* _TASK PROMPT_
Extract the opening line of the entries and every line after it, stopping at and including the line that contains "Maroon Mix Material". Do not include pictures.

* _DATA_
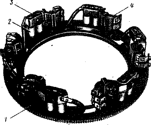 Щеточный аппараттягового электродвигателя состоит из траверсы разрезного типа с поворотным механизмом, шести кронштейнови шести щеткодержателей.
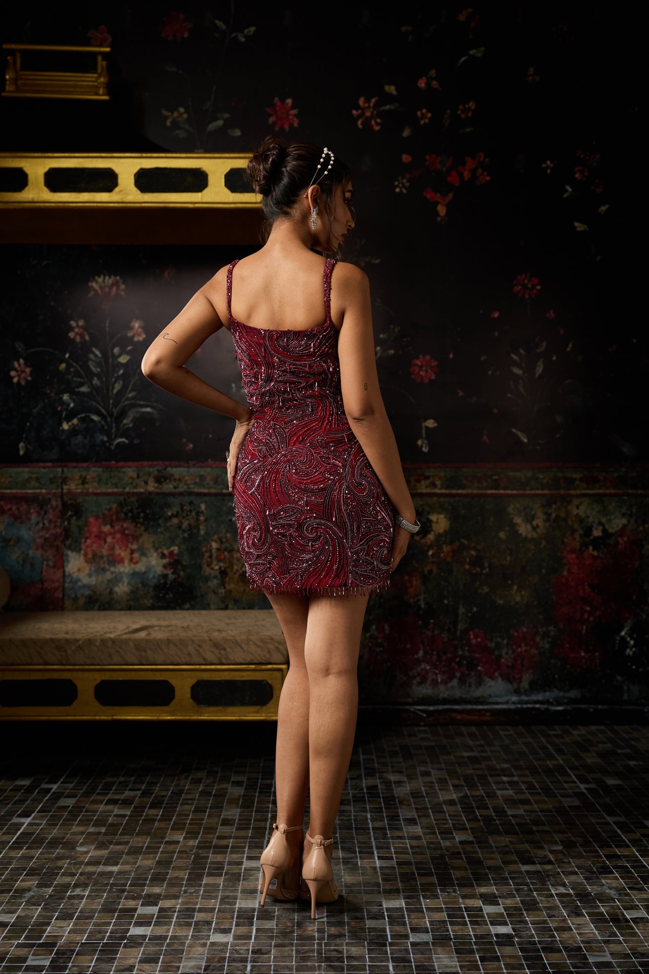 Maroon Mix Material Embellished Mini Dress With Tassels Detail
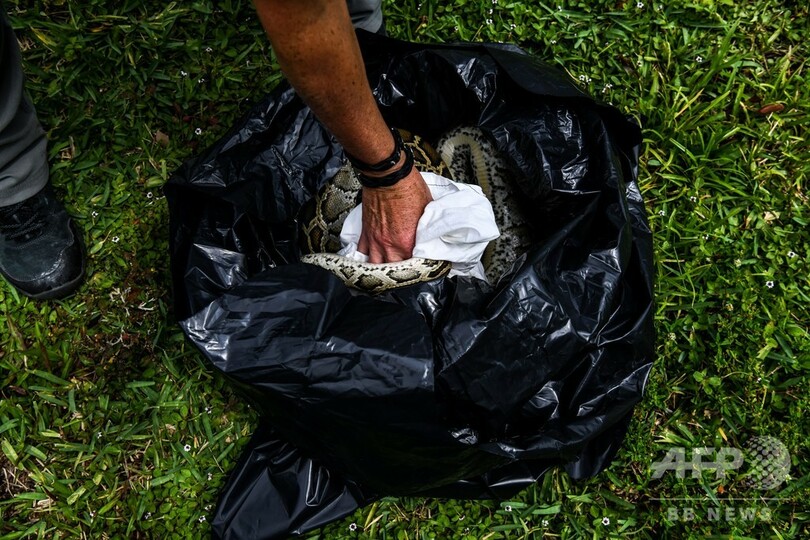 スネークハンターのエイミー・サイウィ(Amy Siewe)氏は、「ニシキヘビは全長5.5~6メートルになり、ネズミからシカまであらゆるものを食べる」と言う。
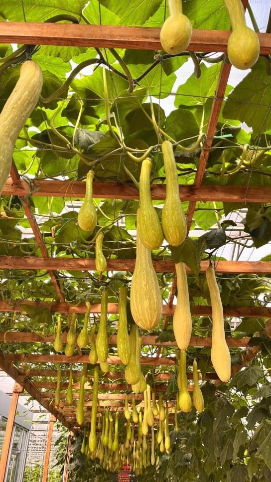 空廊架之下,垂吊着形态各异的葫芦、南瓜、吊瓜等各类瓜果,勾勒出一幅幅美好的田园画卷。
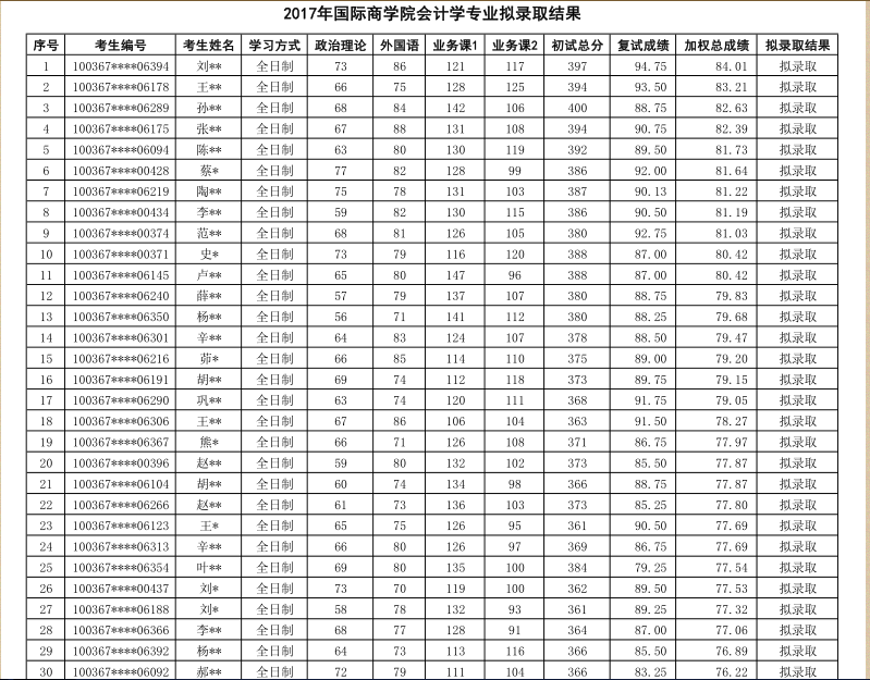 2017年对外经济贸易大学会计学研究生拟录取名单
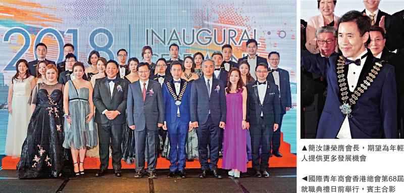 國際青年商會香港總會(總會)第68屆就職典禮日前舉行,簡汝謙榮膺會長。中聯辦副主任陳冬和消防處處長李建日應邀蒞臨主禮,來自菲律賓的國際青年商會2018年世界會長Marc Brian Lim亦親臨祝賀。簡汝謙致辭時表示,他將帶領總會與21個分會攜手向前,通過「十大傑出青年選舉」、「一帶一路國際青年論壇」等多個大型工作計劃,響應聯合國可持續發展目標,締造更美好香港,同時透過國際交流、合作及會議擴闊青年人的國際視野,致力培訓更多青年領袖以創造積極正面的改變。/大公報記者 伍聲
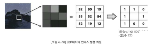 - 각 픽셀의 주변 3x3 영역의 상대적인 밝기 변화를 이진수로 코딩한 인덱스 값
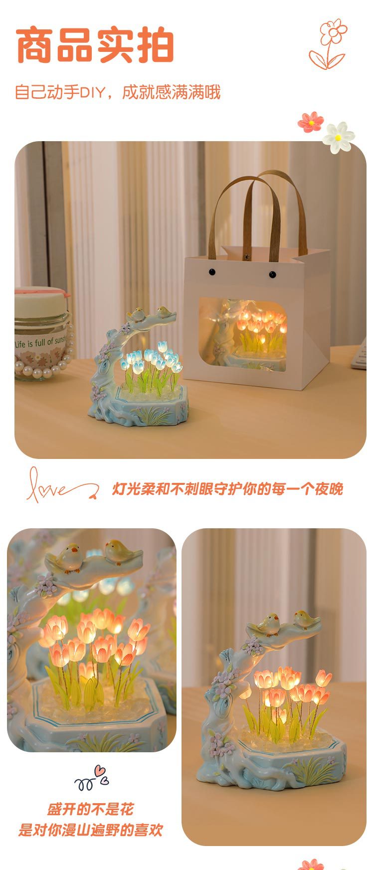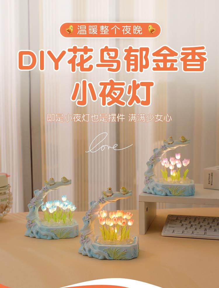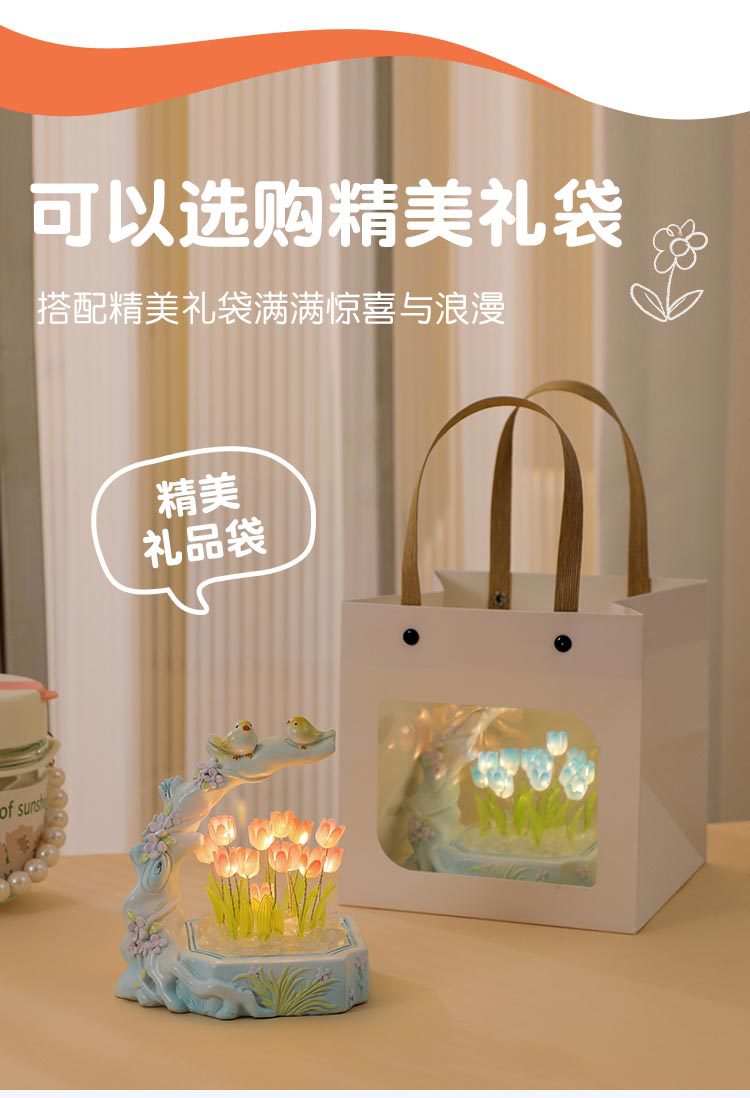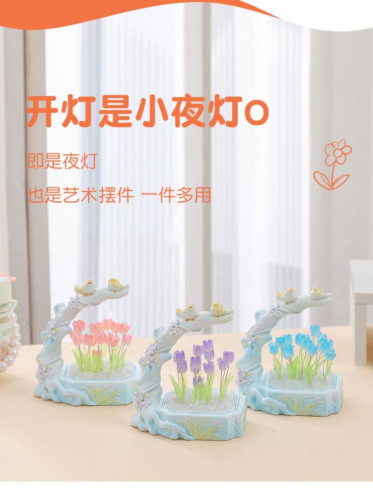 꽃과 새 튤립 DIY 야간등 창의적인 장식품 데스크탑 장식 공예품 축제 분위기 선물 기념품스토어 가기
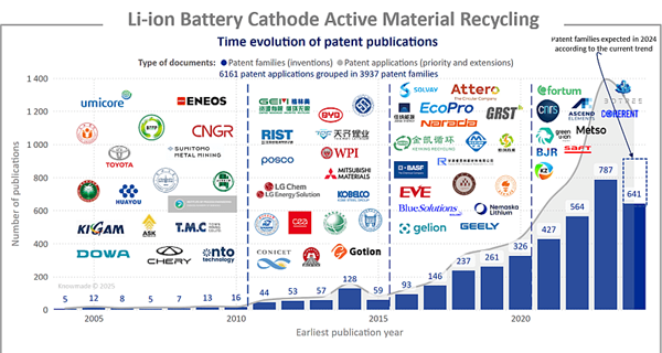 The growing interest in, and need for, a sustainable supply chain has driven innovators into an IP race in Li-ion battery CAM recycling.
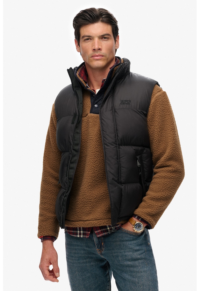 Caracteristici Tip produs: vesta Culoare: negru Material: sintetic Croiala: slim fit Imprimeu: logo Gluga: fara gluga Guler: inalt Lungime maneca: fara maneca Buzunare: 2 buzunare cu fermoar Tehnologie: impermeabila Sistem inchidere: fermoar
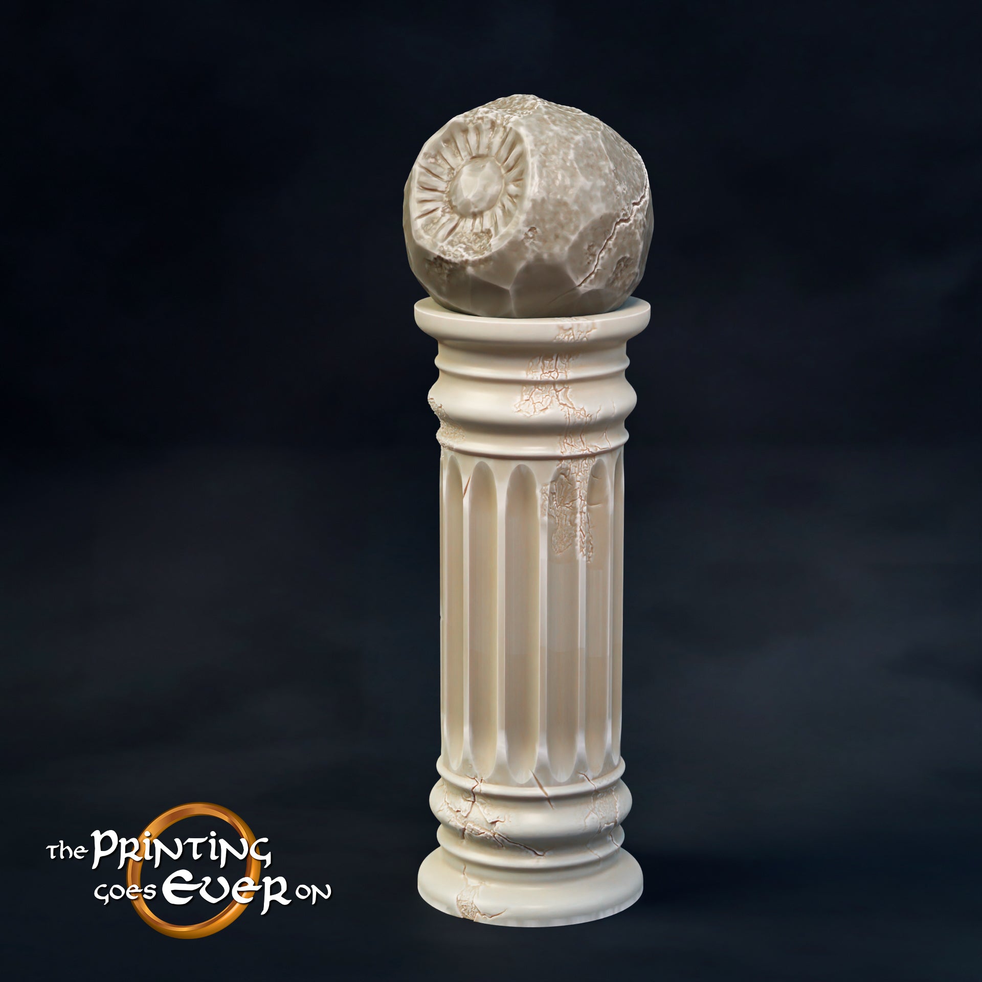 Alte, rissige Säule, auf der ein grob gearbeitetes großes Auge ruht

* _YOUR SOLUTION_
 Щеточный аппараттягового электродвигателя состоит из траверсы разрезного типа с поворотным механизмом, шести кронштейнови шести щеткодержателей.
 Maroon Mix Material Embellished Mini Dress With Tassels Detail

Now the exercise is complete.